**BRIEF:** Restate the lines of the material below word for word, from the first through the one containing "Brown Rope Sha", and include nothing else; pictures stay out.
### RECORDED DATA ###
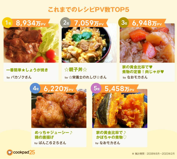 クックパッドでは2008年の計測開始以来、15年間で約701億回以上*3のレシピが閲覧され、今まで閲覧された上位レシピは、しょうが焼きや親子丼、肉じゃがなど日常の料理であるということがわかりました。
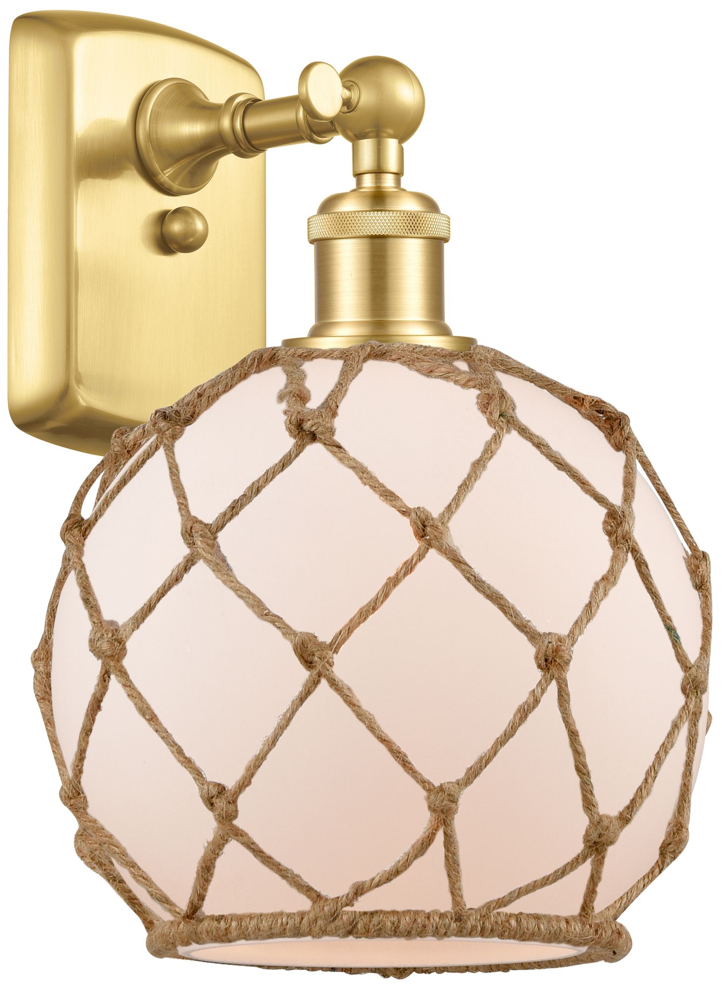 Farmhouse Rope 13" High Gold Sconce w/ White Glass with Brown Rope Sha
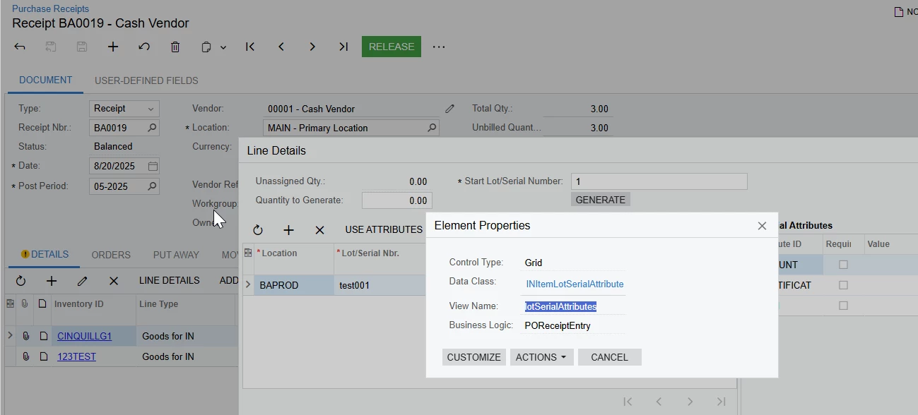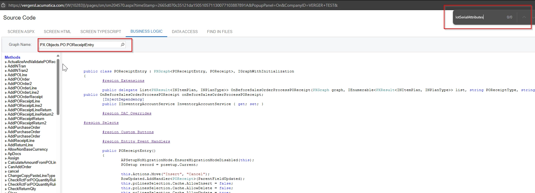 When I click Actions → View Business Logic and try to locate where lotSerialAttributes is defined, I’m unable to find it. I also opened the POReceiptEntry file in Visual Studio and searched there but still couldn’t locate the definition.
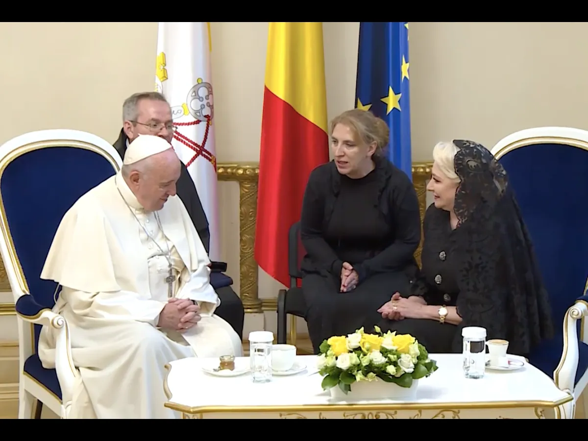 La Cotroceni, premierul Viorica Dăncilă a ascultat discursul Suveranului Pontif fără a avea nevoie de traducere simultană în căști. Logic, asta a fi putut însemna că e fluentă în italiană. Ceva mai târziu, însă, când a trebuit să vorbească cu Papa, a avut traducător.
###
**ANSWER TO THE PROBLEM:**
 クックパッドでは2008年の計測開始以来、15年間で約701億回以上*3のレシピが閲覧され、今まで閲覧された上位レシピは、しょうが焼きや親子丼、肉じゃがなど日常の料理であるということがわかりました。
 Farmhouse Rope 13" High Gold Sconce w/ White Glass with Brown Rope Sha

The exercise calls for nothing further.